Users are provided a basic Immuta PostgreSQL connection. The tables within this connection represent all the connected data across your organization. Those tables, however, are virtual tables, completely empty until a query is run. At query time the SQL is proxied through the virtual Immuta table down to the native database while enforcing the policy automatically. The Immuta SQL connection can be used within any Business Intelligence (BI) tool or integrated directly into code for interactive analysis.
Unlike the other access patterns, the Immuta HDFS access pattern is not virtual. The value in HDFS processing is to bring the code to the data, and as such, requires the Immuta policies to be enforced in-place on the data in the HDFS data nodes. Because of this, the Immuta HDFS layer can only act on data stored in HDFS. However, you are able to build complex subscription and granular access policies on objects stored in HDFS and retain all the rich audit capabilities provided by the other Immuta virtual layers.
This mountable filesystem, like the Query Engine, is virtual. The files represent connected data from across your organization in a directory hierarchy, yet all the files are empty. Once a file is read, the file is hydrated dynamically with the data from the underlying storage technology with the policies enforced automatically. Unlike the Query Engine, the Virtual Filesystem does cache results removing load from the remote storage technology and reducing latency from the client. That cache’s time to live is configurable per data source exposed in Immuta.

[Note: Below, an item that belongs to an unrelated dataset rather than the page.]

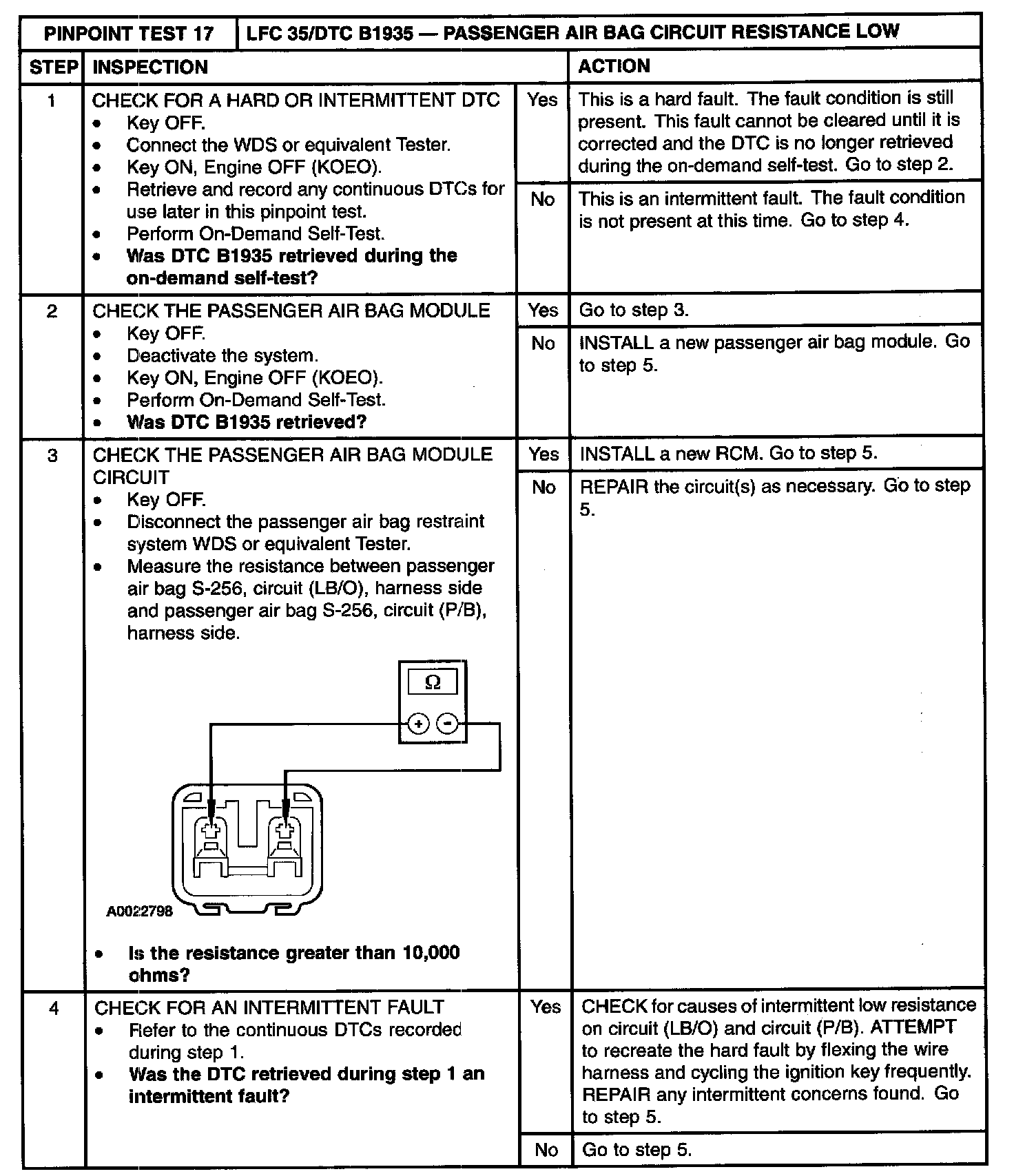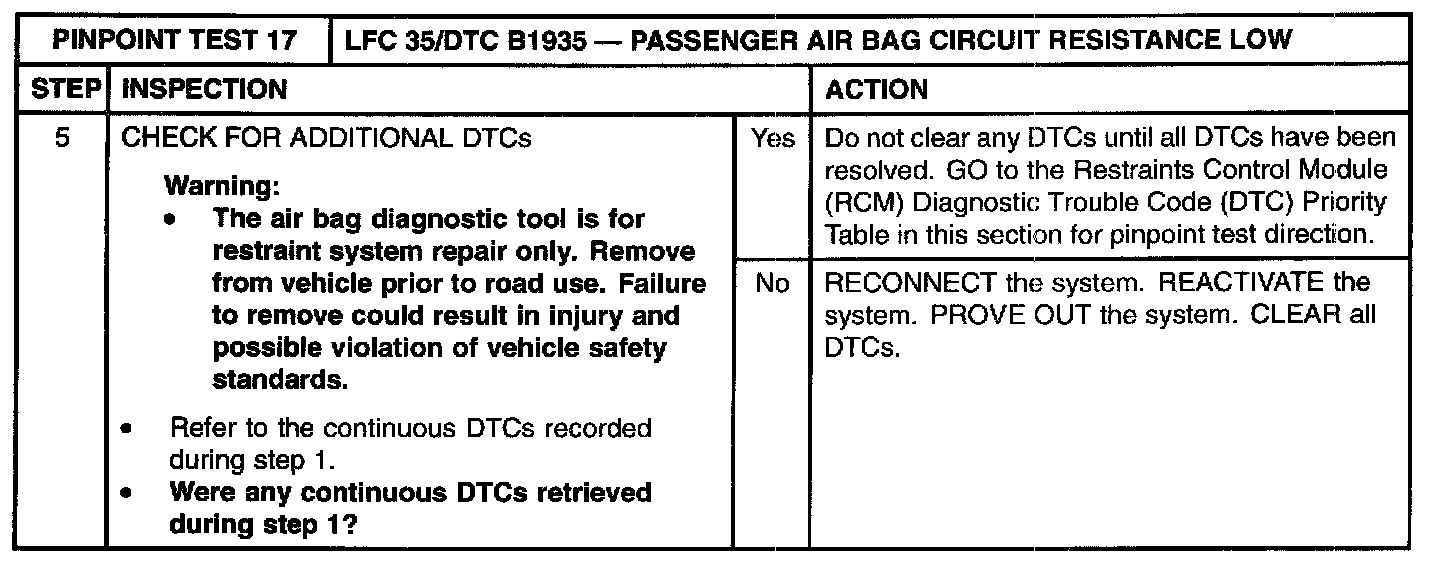 The restraints control module (RCM) monitors the resistance of the passenger air bag ignitor by measuring the resistance between pins 6 and 7. If the RCM detects low resistance between these pins, it will store a diagnostic trouble code (DTC) B1935 in memory and flash a lamp fault code (LFC) 35 (or higher priority code if one exists) on the air bag indicator.

Users are able to access subscribed data sources within their Spark Jobs by utilizing Spark SQL with the ImmutaContext class. All tables are virtual and are not populated until a query is materialized. When a query is materialized, data from metastore backed data sources, such as Hive and Impala, will be accessed using standard Spark libraries to access the data in the underlying files stored in HDFS. All other data source types will access data using the Query Engine which will proxy the query to the native database technology. Policies for each data source will be enforced automatically.